女子は広い運動場のトラックを走って持久走。そして男子はサッカーのコートで試合をしていた。
いいな、あたしもあっちの方がいいよ。
あたしマラソンとか持久走とか苦手。持久力ないもん。
なんて考えながらとろとろトラックを走っていると、
男子のサッカーコートの方で叫び声のような怒鳴り声のようなものが上がった。
同じようにトラックを走っていた女子たちも何事か、そちらに顔を向ける。
あたしもそっちに目を向けると、ジャージ姿の男子たちがサッカーゴールの前で取っ組み合いをしていた。
喧嘩?
それだけなら別に気にしてなかった。
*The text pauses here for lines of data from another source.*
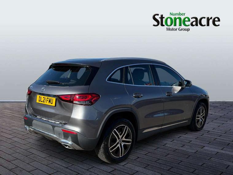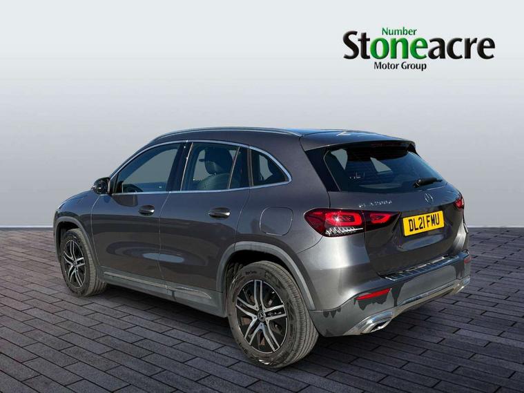 180 degree reversing camera with parking guidelines, 7 inch digital instrument cluster display, 7" touchscreen media display, Active lane keeping assist, Attention assist, Cruise control + speed limiter, DYNAMIC SELECT with a choice of driving modes (ECO, Comfort, Sport and Individual), Easy-pack tailgate, ECO start/stop function, Fluid level warning indicator for fuel, oil, coolant and washer fluid, Hard-disk navigation, Hey Mercedes Voice activation, Lamp failure indicator, Mercedes me connect including emergency call system, accident recovery, breakdown management and maintenance, Mercedes me remote services, Multi function trip computer, Outside temperature gauge, Owners manual and service booklet in English, Pre-installation of private car share, Radio aerial integrated into front and rear windshields, Service indicator (ASSYST), Speed limit assist, Speed sensitive power steering, Status display for rear seat belts in instrument cluster, Comfort suspension, Rear axle multi-link, 2 USB ports (type C) in rear stowage compartment and one in front of center console, Bluetooth connectivity including audio streaming, DAB Digital radio, MBUX multimedia system, Media interface, Mercedes-Benz sound system - 100W, Adaptive brake lights, Aerial for GPS, Aluminium roof rails, Automatic headlamp activation, Beltline strips and weather strip in chrome, Black grained claddings with chrome parts, Body colour bumpers, Body colour door handles, Body colour door mirrors, Car wash function, Dark chrome front and rear apron trim, Electric front windows, Electric rear windows, Electrically adjustable and heated door mirrors with integrated LED indicators, Exhaust system with dual flow exhaust pipes (non-functional), Front bumper with underride guard in high gloss chrome, Front door sills with Mercedes-Benz lettering, Heated glass rear windscreen + timer control, Heated windscreen wash system, Interior mirror with black reading lamps and frameless, LED high performance headlamps with integrated LED daytime running lights, LED tail lights in two piece design, LED third brake light, Rain sensor windscreen wipers, Rear fog lights, Roof spoiler, Simulated body styling underguard in matt chrome, Single lamella radiator grille painted in silver matt with chrome inlay and black dots, 12V power socket in centre console, 3 spoke leather multifunction sports steering wheel, 40:20:40 split folding rear seats with backrest, Adjustable head restraints, Air conditioning - Two zone thermotronic luxury automatic climate control with display, Artico man-made leather/Fleron fabric upholstery, Auto Mercedes-Benz child seat recognition sensor, Black roof lining, Comfort seats, Courtesy light in boot, Floor mats in velour, Front centre armrest with stowage, Gearshift paddles, Heated front seats, Illuminated glovebox, Leather trimmed gearknob, Luggage net on driver/front passenger seat backrest, Manually height and reach adjustable steering column, Multi-gesture touchpad control on center console, Stowage compartment in centre console, Stowage compartment with retractable cover, Sunvisors with illuminated vanity mirrors, Twin front cup holders, Two outer rear seat isofix and top tether child seat fixing points, Comfort seat pack - GLA Class Sport, Interior lighting with light and sight pack - GLA, Load compartment pack - GLA, 3 rear 3 point seatbelts, ABS with Brake Assist, Active bonnet pedestrain safety measure which detects an impact and raises bonnet by 65mm, Active brake assist includes forward collision warning system with autonomous braking, Adaptive brake assist with hold function and hill start assist, Bonnet with power domes, Brake pad wear warning indicator, Childproof locks manually operated for rear doors and electrically operated for rear power windows, Crash responsive emergency lighting, Driver and passenger head and side airbags, Drivers knee airbag, Dual stage driver/passenger airbags, Electronic parking brake, ESP curve dynamic assist, ESP with ASR, Front and rear seatbelt reminder, Front passenger seat occupancy sensor, Tyre pressure monitoring system, Warning triangle and first aid kit, Window airbags, Alarm system with immobiliser and interior protection -Thatcham category 1, Keyless Go starting function, Remote central locking and crash sensor with emergency opening function, Urban guard vehicle protection, Vehicle key with decorative surround in chrome, Chrome air vent surrounds, Spiral look trim, 18" 5 twin spoke light alloy wheels aerodynamically optimised painted in black with a high sheen finish, Summer tyres, Tirefit tyre sealant kit,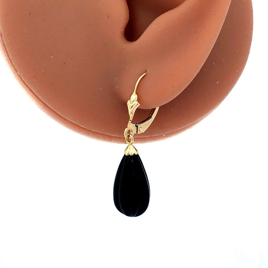 Designer 14K Yellow Gold Ribbed Onyx Pear Drop Dangle Leverback Earrings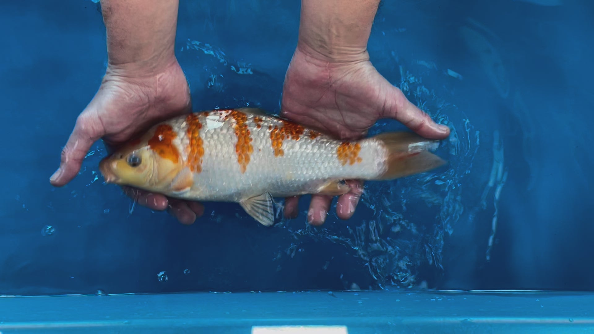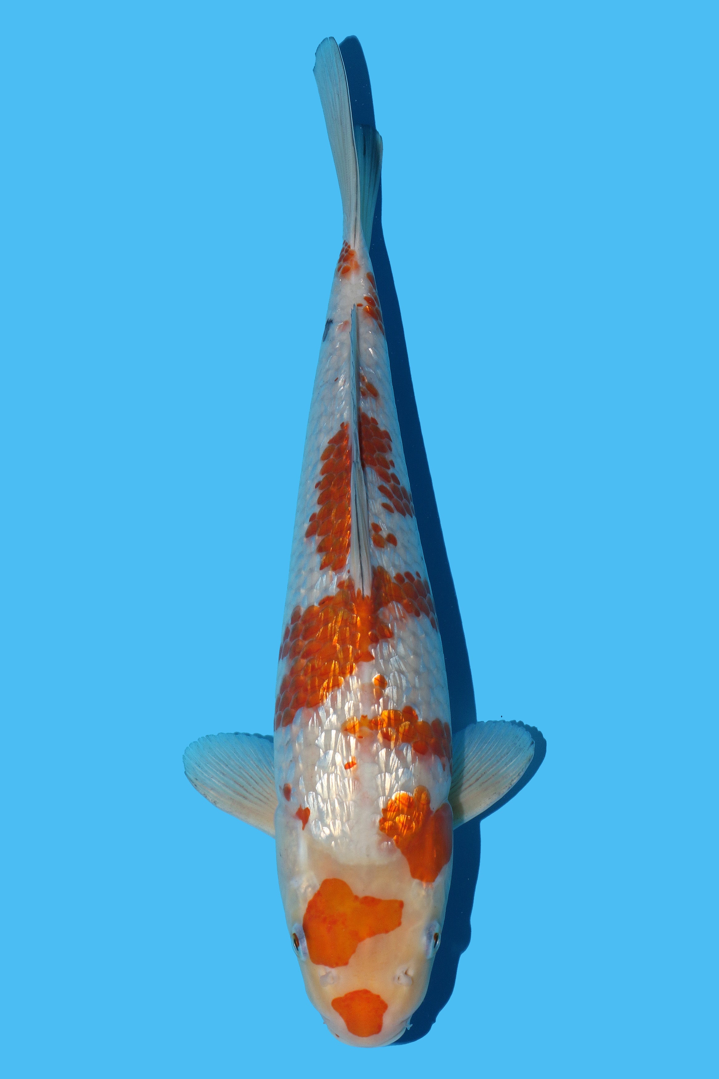 Koda Ginrin Ochiba are amongst the best out there for colour and stability. The bloodline was based on a 94cm female, koi show winning Ochiba. This one has an appealing flowery patter but the one of the best characteristics is the head shape. It has a big head and mouth which will indicate good growth and much more body volume to come.
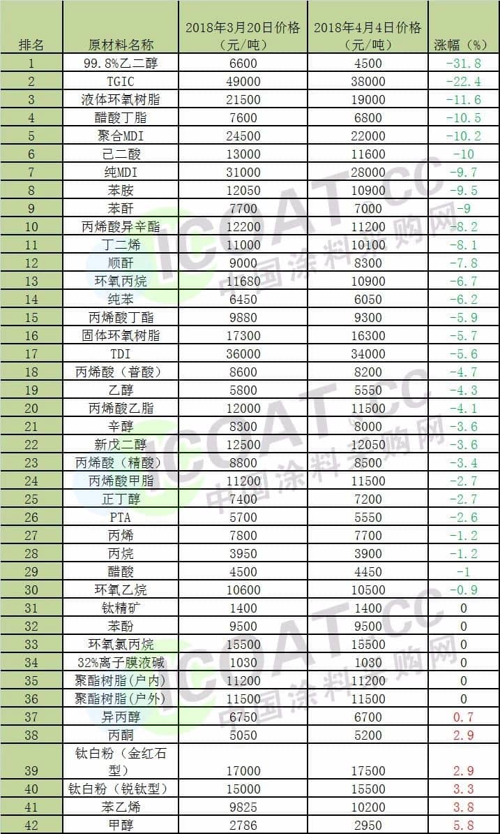 从以上数据可以看出,3月下旬以来,大部分原材料价格呈下跌趋势。据中国涂料采购网统计的42种产品中,仅甲醇、苯乙烯、钛白粉(锐钛型)、丙酮、钛白粉(金红石型)、异丙醇等6种产品微涨,分别为5.8%、3.8%、3.3%、2.9%、2.9%、0.7%。有6种产品价格无变化。30种产品呈下跌趋势,其中99.8%乙二醇下跌最为严重,跌幅达31.8%,其次为TGIC,跌幅为22.4%。液体环氧树脂跌幅达11.6%。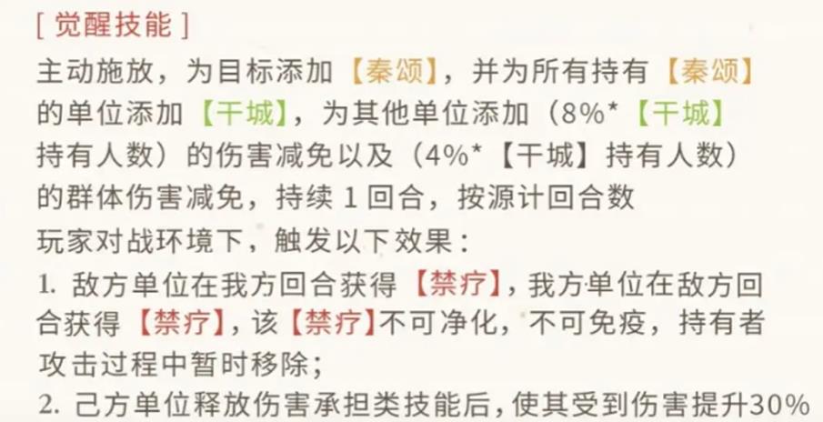 3、覺(jué)醒技萬(wàn)里長(zhǎng)城主動(dòng)使用為目標(biāo)添加秦頌為持有者加干城其他單位獲傷害減免被動(dòng)使敵我雙方回合均獲禁療限制回復(fù)能力。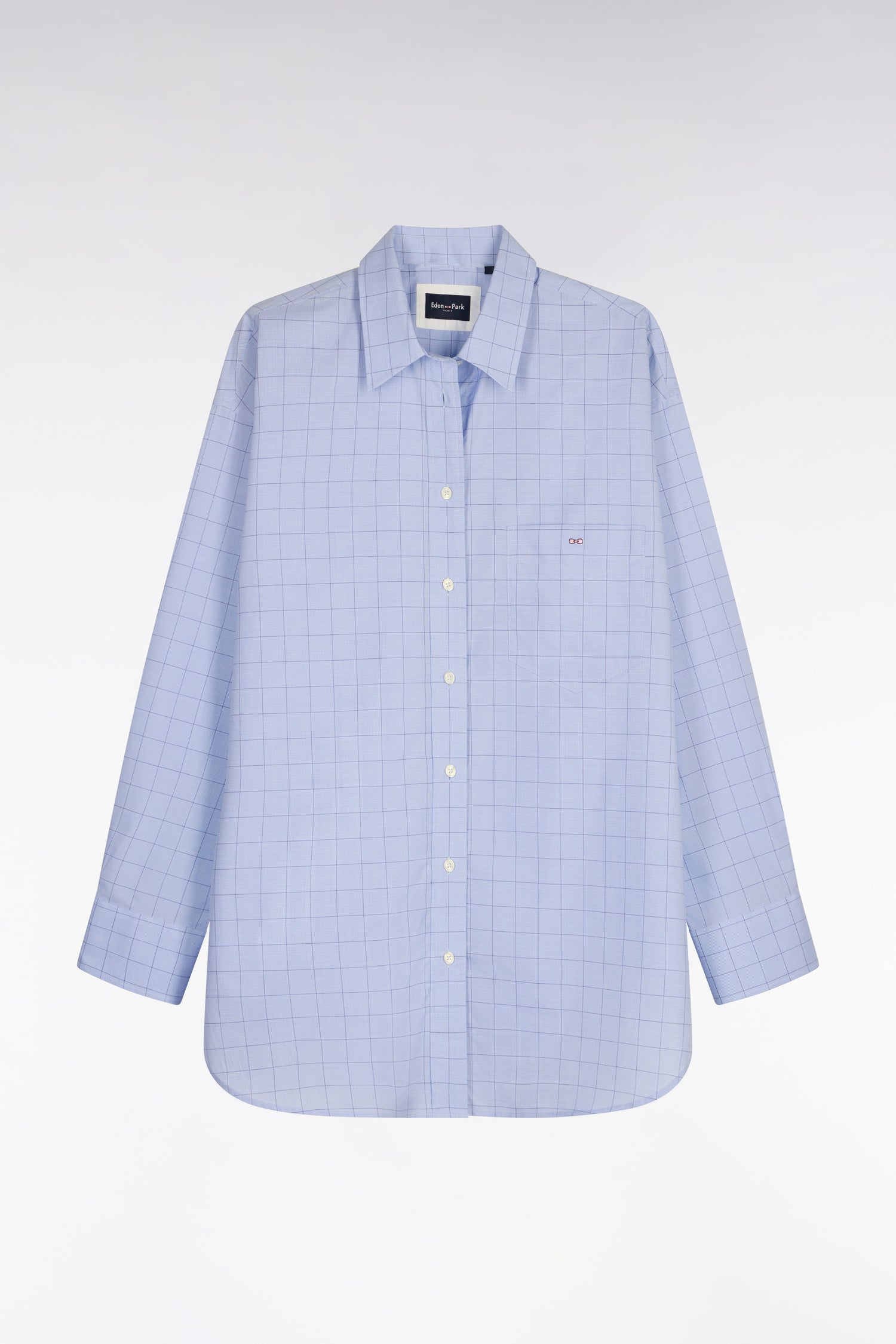 La douceur de la popeline de coton s'associe à une coupe oversized moderne pour cette chemise femme bleu ciel. Pour une touche graphique réinterprétant les pièces phares d'un vestiaire elle se dote de carreaux prince de Galles et d'une poche plaquée. Jean ou pantalon d'inspiration tailleur se marieront à la perfection à cette élégante chemise.

男子たちは、あたしから聞いたら全く理解不能な良く分からない理由でつかみ合いの喧嘩に発展するから。
今回もどうせくだらない喧嘩でしょう?
そんな思いで顔を逸らそうとして、あたしは目を細めた。
サッカーゴールの前に男子の塊が出来ていて、一人の男子生徒が一人の男子生徒の胸ぐらを掴み、殴りかかっていたのだ。
美術バカ―――…?
あいつが殴られる理由も分かんないけど、(だっていかにも喧嘩とは無縁な感じで大人しいし)
だけど―――殴る理由はもっと分からない。
そう、何故かクラスメイトの男子の胸ぐらを掴み、今までに見たことのない険しい顔で掴みかかっていたのは、
美術バカだった。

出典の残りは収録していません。